October 11, 2011

How to Roast Vegetables

The process of roasting brings out the natural sweetness in vegetables and intensifies their natural flavors.  Roasting is great for many vegetables including: asparagus, beets, broccoli, brussels sprouts, carrots, cauliflower, eggplant, green beans, onions, potatoes, and squash.

Tonight, I roasted acorn squash, beets and brussels sprouts.  My acorn squash came in back-to-back CSA boxes, and I simply cut each squash in half, scraped out the seeds, cut into uniform pieces and baked for 30 minutes.


I picked up beets and brussels sprouts at the farm stand near my house last night.  It was my first time buying a proper stalk of brussels sprouts, which Chris used as a cat back scratcher after I removed all the brussels sprouts...yeah, he's weird like that.

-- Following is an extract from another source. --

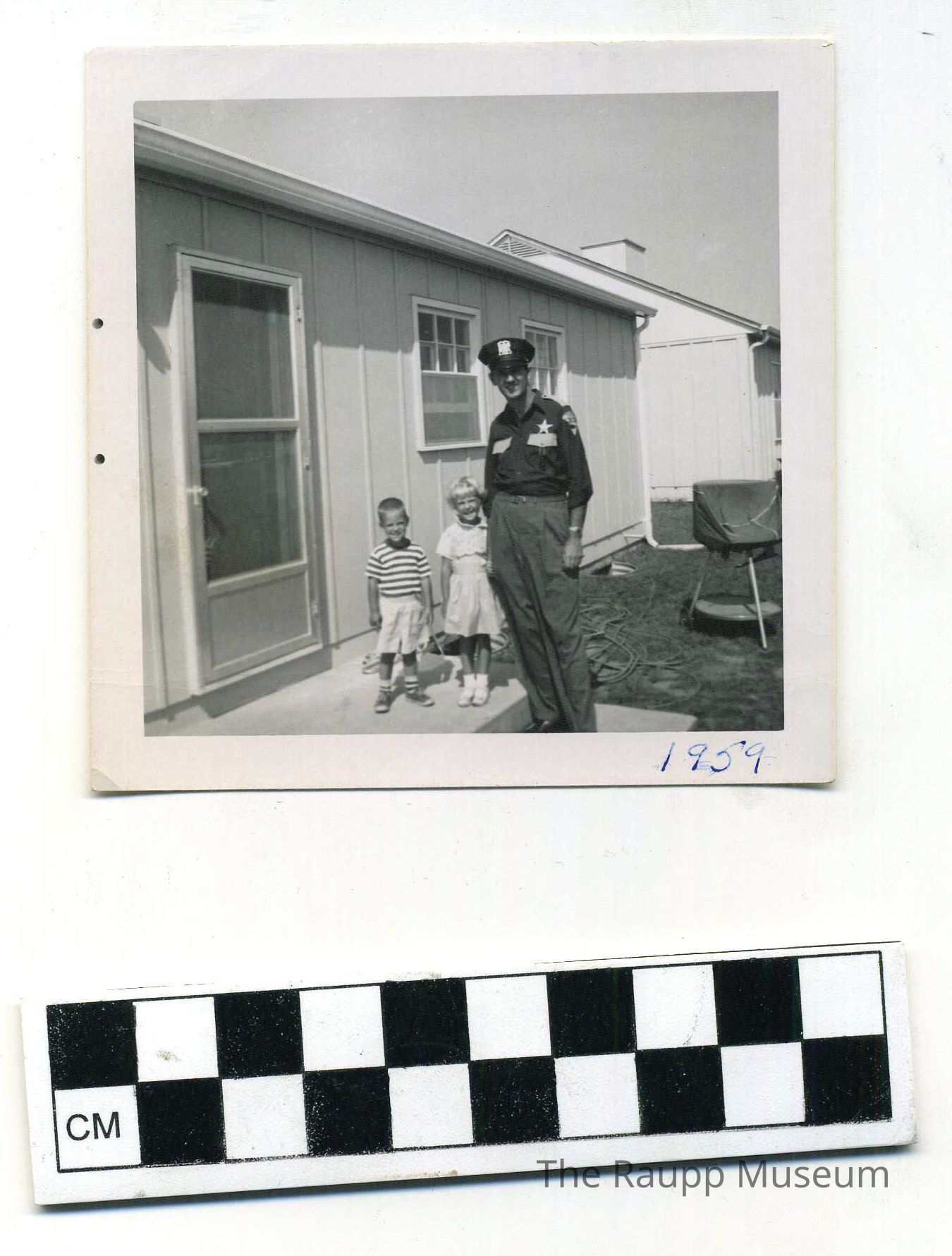 Black and white print with white border. Image of a uniformed police officer and two children standing in front of a Strathmore style home exterior on the front step. Barbeque grill with cover on the far right of image. Stanley Niezgoda is standing nearest the grill wearing a police hat, dark shirt with badge and baggy trousers. Girl standing in the center is wearing a light color dress. Small boy standing on the left of the image is wearing a striped shirt. Blue ink text "1959" located in lower right corner on the front. Image printed on Kodak paper, blue number "D09372" printed on reverse side in upper left corner.Made/Created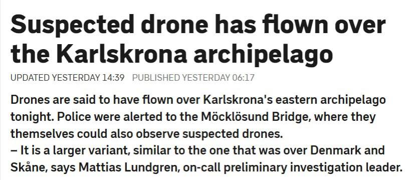 По информации издания, пролет подозрительных дронов зафиксирован в небе над архипелагом Карлскруна в Швеции, где расположена главная база Военно-морских сил страны.

After removing the brussels sprouts from the stalk, I trimmed the ends, halved them lengthwise, and then roasted for 15 minutes.  You're not suppose to peel beets before you roast them, but I have a heck of a time peeling them hot out of the oven, so I disregard the rules and peel ahead of time.  After cutting them into uniform chunks, I roasted the beets for 25 minutes.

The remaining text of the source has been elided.